Hester before Hawthorne -- here's what happened

THE BALTIMORE SUN

We all know Hester Prynne committed adultery and wore a big red "A" on her chest. But until now, her marriage, how she got to America and why she committed this awful sin have been a puzzle. Christopher Bigsby attempts to fill in what Hawthorne left unsaid in his tender, insightful -- if somewhat didactic -- book "Hester."

"Hester's" strongest point is the heroine's voyage across the Atlantic on a tiny ship called the Hope. In her flight, Hester manages to escape from her loveless marriage to Roger Chillingworth and for the first time experience freedom from social fear.

On board ship, Hester is separated from everything familiar and plunged into the unknown dangers of the sea, where she must forge a new identity for herself. In such dire circumstances, Mr. Bigsby explains, morality is suspended, inhibitions shed. "Here, hands may touch which on shore may never intertwine. Here, words may be spoken which if spoken on land would terrify the soul."

Mr. Bigsby constantly reminds us of the pull of society's moral standards on Hester. He frames each chapter with a verse from an unknown poem about the lord of dance, signifying an ever-present force in Hester's life. The irony is that it's a happy poem. Mr. Bigsby forces us to think about the sharp contrast between the jolly, dancing Christ-figure of the poem and the unforgiving, tyrannical Puritan society that condemns Hester Prynne.

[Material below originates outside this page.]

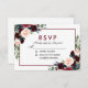 Watercolor Floral Burgundy Marsala Blue - Cartão RSVP de Casamento Azul - Brancos

At sea, Hester falls in love with Arthur Dimmesdale and commits the first act of adultery that, later repeated, earns her the red "A."

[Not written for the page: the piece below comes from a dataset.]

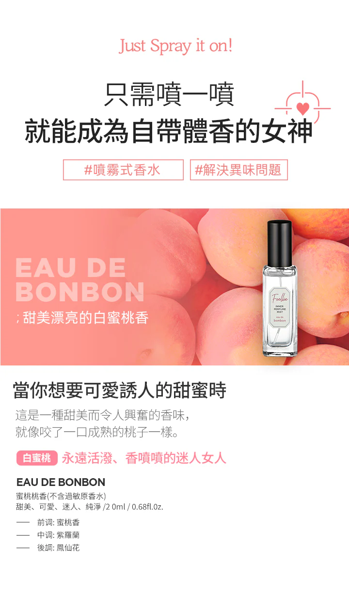 私密處護理推薦!Foellie 香氛噴霧 20ml,黑玫瑰/黑櫻桃/蜜桃香型,全天候保持清新舒適。 Foellie 私密處護理香氛噴霧 20ml,蜜桃香/黑櫻桃/黑玫瑰,快速去除異味,保持私密清新舒適。 Foellie 私密處香氛噴霧,11種天然植物精華,溫和護理私密肌膚,3秒去除異味,長效持香。 Foellie 私密處護理香氛噴霧 20ml,預防異味,平衡 pH 值,適合運動後、經期及日常使用。 私密處護理推薦!Foellie 香氛噴霧 20ml,黑玫瑰/黑櫻桃/蜜桃香型,全天候保持清新舒適。 Foellie 私密處護理噴霧,天然植物精華,無酒精配方,適合敏感肌膚,輕鬆告別異味困擾。 Foellie 私密處護理香氛噴霧 20ml,蜜桃香/黑櫻桃/黑玫瑰,快速去除異味,保持私密清新舒適。 Foellie 私密處香氛噴霧,11種天然植物精華,溫和護理私密肌膚,3秒去除異味,長效持香。 Foellie 私密處護理香氛噴霧 20ml,預防異味,平衡 pH 值,適合運動後、經期及日常使用。 Foellie 私密處護理噴霧,天然植物精華,無酒精配方,適合敏感肌膚,輕鬆告別異味困擾。 Foellie 私密處護理香氛噴霧 20ml,蜜桃香/黑櫻桃/黑玫瑰,快速去除異味,保持私密清新舒適。

But the courtship between these two characters is practically devoid of sexuality. Mr. Bigsby's depiction of Dimmesdale's wimpy character matches Hawthorne's portrait of the minister but leaves much to be desired by the contemporary reader. Instead of presenting physical details of the consummation, Mr. Bigsby turns to us with a rhetorical examination of the characters' behavior.

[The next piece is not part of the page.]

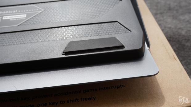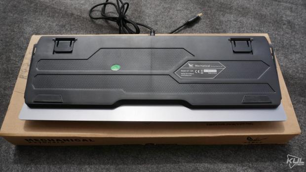 Mặt dưới cách điệu của GT-03KMặt dưới được Zadez trau chuốt trông khá hiện đại tuy nhiên điều đáng nói chiếc bàn phím này chỉ có hai chân feet bằng cao su thay vì bốn như thông thường. Ngoài ra, chúng ta vẫn có hai chân đế nâng độ cao. Tuy nhiên, khi bạn dựng chân lên thì khả năng bám trên mặt bàn của GT-03K giảm đi đáng kể.
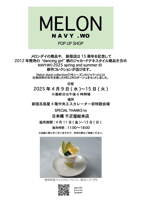 今シーズンはマスクメロンの果皮を利用して染色された商品を含むNAVY.WO 2025年春夏新作コレクションを発表。『メロン』にスポット当てた衣と食のPOP UP SHOPを合わせて開催いたします。

"And why was Hester, raised on the self's denial, one day to make love to one not her husband, as I am compelled to tell you she assuredly will, and why did he, a man of faith, so forget his vows? You might as well ask why we are as we are. . . ." Here, as in other places in the novel, Bigsby runs the risk of lecturing us.

The beginning of the book, though slow at times, elicits vivid images of Hester Prynne's repressed childhood. The atmosphere is stifling in the witch-hunting society of England. Mr. Bigsby talks about the lists of people suspected of disloyalty to the government in a country on the brink of civil war. "A blood-caked fingernail would move downwards and press its edge, a half-moon sign, in the paper's weave," signifying that person's doom. Mr. Bigsby draws a horrifying link to devices used in the Holocaust.

Mr. Bigsby psychoanalyzes Hester's ill-fated marriage to Roger Chillingworth, a scientist as indifferent to his wife as he would be to a constant fixture in his house. Knowing what Chillingworth does later to ruin Hester and the minister's chance at happiness, we tend to hate him. But Mr. Bigsby portrays him in a somewhat sympathetic light. Mr. Bigsby asks the reader, "What is cruelty?" And then he points out that each of us is capable of what Chillingworth felt.

This way, Mr. Bigsby craftily brings the reader down to eye-level with the characters and places us in their society so we can draw comparisons to our own world. The problem is that sometimes we feel as if we're being hit over the head.

On one occasion, Mr. Bigsby attempts to connect the horrors of seal-clubbing with the sinister quality of people living in the wilderness of early America.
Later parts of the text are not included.